Algunas veces me siento
incómoda en el papel de madre; me siento
inepta, me parece que educo de forma descuidada, que hablo poco, que dejo
escapar en vano estos preciosos años de convivencia con mis hijos, ya tan
mayores. Los miro y los encuentro amables y guapos y pienso en el vacío que
dejarán en mi casa cuando se vayan. Los miro y me parecen aún indefensos y
quisiera poder asumir la carga de dolor que la vida les reserva, a ellos como a
todos. De algún modo, me siento responsable de su felicidad y me pregunto si han recibido las armas y los
instrumentos necesarios para hacer elecciones conscientes, para ser aguerridos
en las pruebas, fuertes en las desilusiones, generosos en el éxito, para
amar y vivir en el significado”.
“Vivo como siempre he
deseado poder vivir: el amor y la existencia compartida, los hijos, la casa y
tantos afectos dentro y fuera de ella. Qué
importa si he trabajado mucho, si el mal vino y se fue, si alguna nube ha
turbado mi horizonte sereno, si los años pasan veloces”.
“A la abuela Anka le
gustan las cosas y los hechos, que permanecen. Por eso no teme el transcurrir
del tiempo, que arrolla solo a los
individuos”.
“Cuando las personas que
me conocieron antes de que dejara la enseñanza, que sin embargo me gustaba, me
preguntan “qué es lo que hago todo el
día”, me resulta difícil explicar en pocas palabras, sin caer en la
retórica, que el objeto de interés de mi comportamiento actual está en el
límite entre la vida y la muerte. Así que por lo general justifico mis días
hablando de mis hijos, de los viajes que tengo la suerte de realizar con
Claudio de vez en cuando, de las clases de informática a las que asisto hace
dos años para aprender a usar el ordenador que hemos comprado, y no digo nada acerca de mi desconcierto
cuando un niño no puede ser salvado o de la alegría que siento cuando a otro le
es concedido, por amor, permanecer entre nosotros, y hacernos sentir menos
solos en esta aventura terrena”.
“No siento tristeza, solo
gratitud.

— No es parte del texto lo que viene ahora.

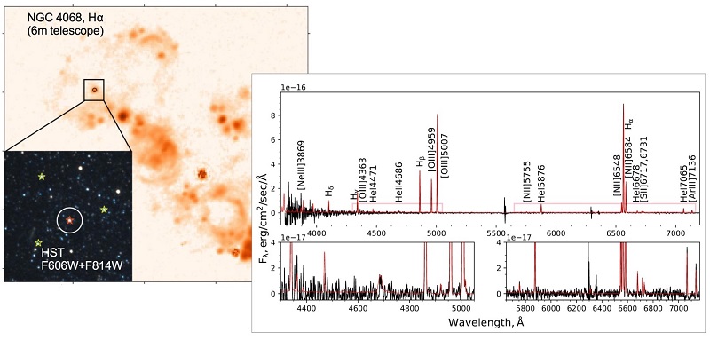 instrument at the 6-m SAO RAS telescope. On the left, there is the image of the galaxy in the H-alpha line;
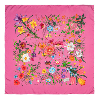Square scarf in printed silk charmeuse. Hand rolled edges.
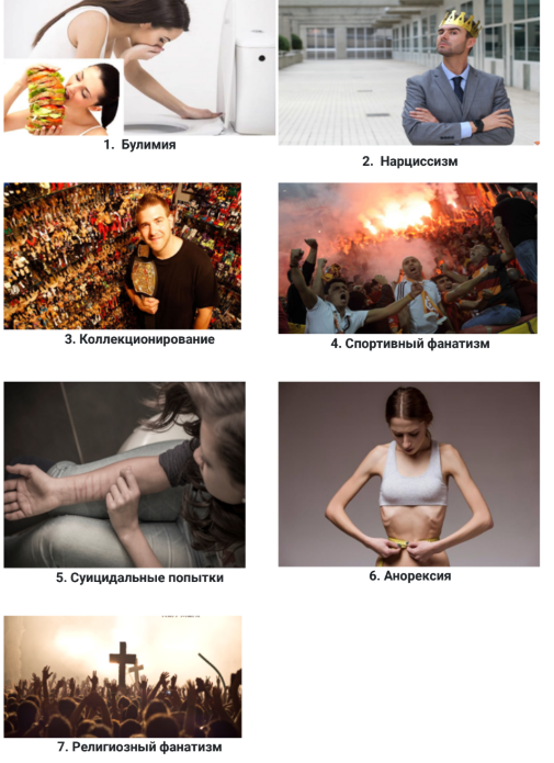 Внимание, в перечне имеются неправильные ответы! Вопрос 3 Выберите правильные ответы из выпадающего списка в таблице группового и индивидуального видов девиантного поведения, иллюстрации которых представлены ниже: Индивидуальный вид девиантного поведенияГрупповой вид девиантного поведения Вопрос 4 Заполните таблицу «Типы девиантного поведения». Внимание, в перечне имеются неправильные ответы! Типы девиантного поведенияОпределение Отклоняющееся поведение, в крайних своих проявлениях представляющее уголовно наказуемое деяние. Один из типов девиантного поведения с формированием стремления к уходу от реальности путем искусственного изменения своего психического состояния посредством приема некоторых веществ или постоянной фиксации внимания на определенных видах деятельности с целью развития и поддержания интенсивных эмоций.

Si he regresado a Ítaca, si en los largos silencios de mi vida han
resonado por un instante las notas del vals que los planetas y las estrellas,
tan relucientes esta noche, danzan en la odisea de los espacios, siento que debo dar gracias a una multitud
de personas, incluso a las que he olvidado, que al quererme, o simplemente
al estar a mi lado, con su presencia fraternal no solo me han ayudado a vivir sino que son, quizá, mi vida misma”.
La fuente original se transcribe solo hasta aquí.